And yet... Last week in Minneapolis, Northwest Airlines officials hauled three
Arab-Americans off a flight to Salt Lake City when other passengers refused to
fly with them; the men were grilled and allowed to board a later flight. In
Trenton, N.J., a nervous driver called authorities when two
"suspicious" men speaking
"little English" got on his bus; the police held the men at gunpoint before releasing them.
Such profiling, which critics say makes a mockery of the constitutional notion
of equal protection, is only one of the challenges to civil liberties emerging
in the wake of the terrorism attacks. From cops to lawmakers to ordinary
citizens, Americans seem more willing to sacrifice civil liberties on the altar
of security than we have been at any time since President Lincoln suspended the
right of habeas corpus during the Civil War or President Roosevelt rounded up
110,000 Japanese-Americans for preventive detention after Pearl Harbor. The
United States, vowed Attorney General John Ashcroft, will
"use every legal means at our disposal to prevent further terrorist activity."

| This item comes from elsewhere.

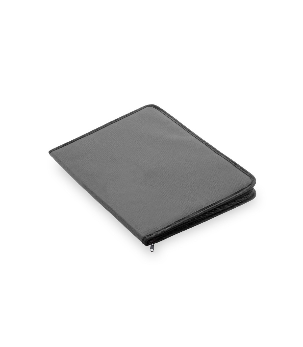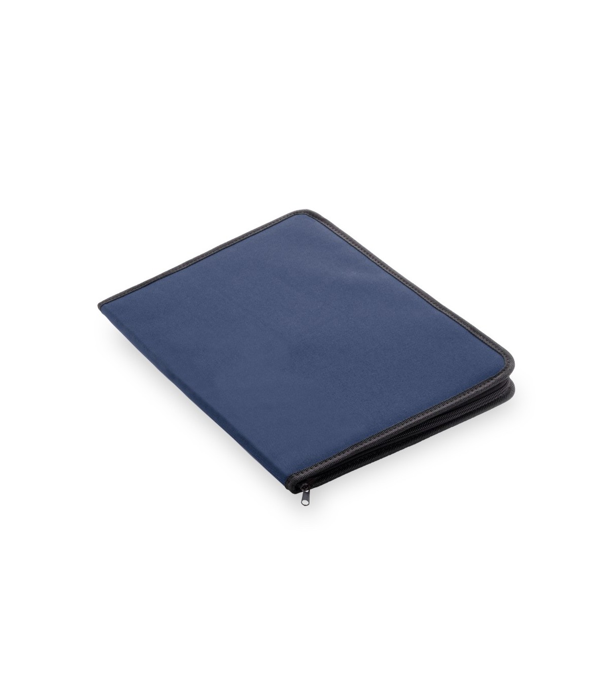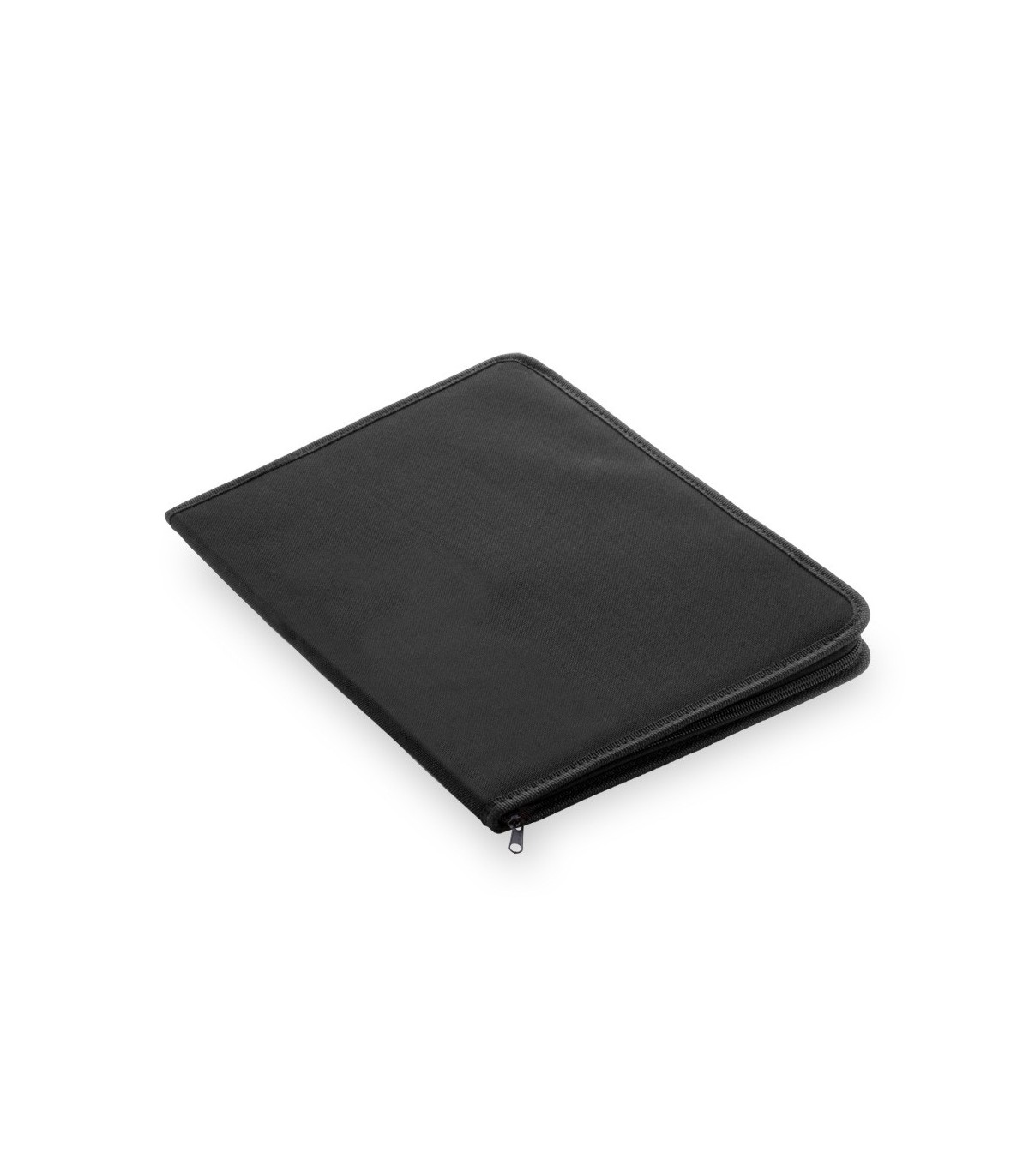Carpeta con cierre de cremallera en variados colores acabada en resistente poliéster 600D con ribete reforzado en negro. Interior con bloc extraíble de 20 hojas lisas, 2 bolsillos de solapa y soporte para bolígrafo.

In an executive action requiring no congressional approval, the Bush
administration is quickly expanding what
"legal means" includes. Last week it gave the Immigration and Naturalization Service the
power to detain immigrants suspected of crimes, and to hold them indefinitely
during an
"emergency or other extraordinary circumstance." Before this, the government had had 24 hours to charge immigrants with a crime
or visa violation or release them. The administration also requested expanded
surveillance authority to tap phones, obtain voice-mail messages, monitor
computers and obtain customers' credit-card information from Internet providers
with minimal judicial oversight. To coordinate antiterrorism efforts, the
president last week created the cabinet-level Office of Homeland Security, to
be headed by Pennsylvania Gov. Tom Ridge.
Although Ashcroft promised to "do everything we can to harmonize
the constitutional rights of individuals" with the new security push, the
civil liberties of nonnaturalized immigrants are in the cross hairs. The
1996 Antiterrorism Act, passed after the Oklahoma City bombing, authorized
a new INS court to conduct deportation proceedings against aliens suspected
of terrorism. The accused have no right to be informed of the evidence against
them. Until Sept. 11, political momentum was building to repeal at least
that part of the law: as a candidate, George W. Bush criticized the unfairness
of "secret evidence." Last week, however, the administration asked Congress
for power to detain and possibly deport terrorism suspects with no evidentiary
requirement. It also asked for new powers to detain immigrants on the vague
charge of being a risk to national security, and to limit their court appeals.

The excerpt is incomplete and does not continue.